Pasta e Fagioli is a well-loved bean stew from the northeast region of Italy, where Venetians adore the speckled pink and white cranberry bean, “pasta fazool” is a classic. And as is the case with many hearty dishes, this soup was born from necessity, of stretching the lira and the larder to feed hungry mouths just one more day. That’s amore.

See Cook’s Note on using dried beans instead of canned.

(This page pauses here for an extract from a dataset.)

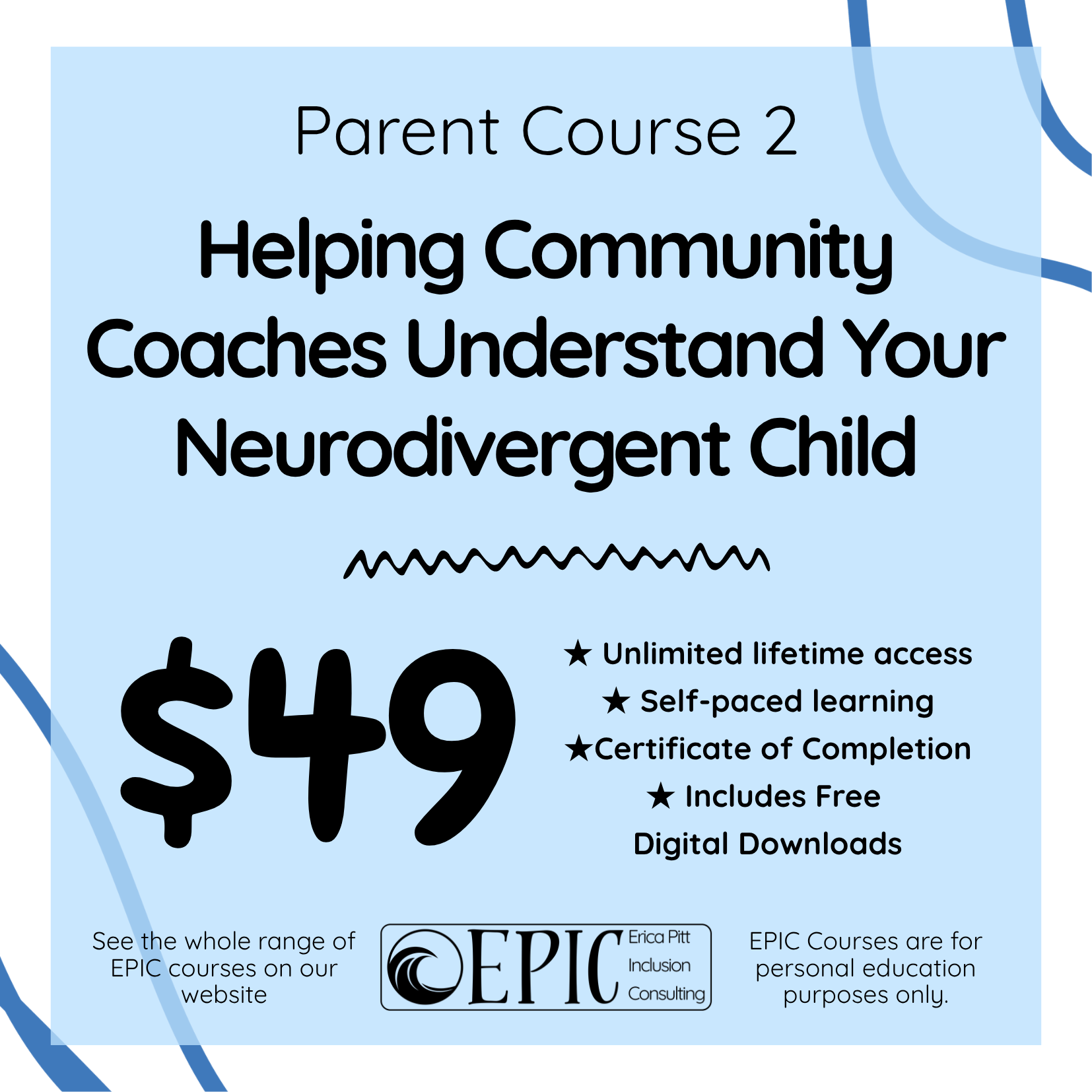 EPIC Inclusion Consulting courses are educational in nature only.

Heat the oil in a Dutch oven over medium heat. Add the pancetta and cook until fat has rendered and it begins to crisp 6 to 10 minutes. Add the onion and cook until softened, 3 to 7 minutes. Season with the salt, pepper, red pepper flakes and sage, then add the celery and carrots. Cook until vegetables have softened, 7 to 10 minutes. Add the garlic, cook for 1 minute then add in the tomato paste, cooking for 1 minute more. Stir in the chicken broth, beans, diced tomatoes, and Parmigiano rind if using. Cover and bring to a boil, then reduce to a simmer for 20 minutes. Add the pasta, cover, and cook until al dente.

Ladle into low bowls, and sprinkle with parsley and grated Parmigiano Reggiano before serving with bread alongside.

If you prefer dried beans to canned, about ¾ cup of dried beans, soaked and cooked, will yield about the same as a 14.5-ounce can.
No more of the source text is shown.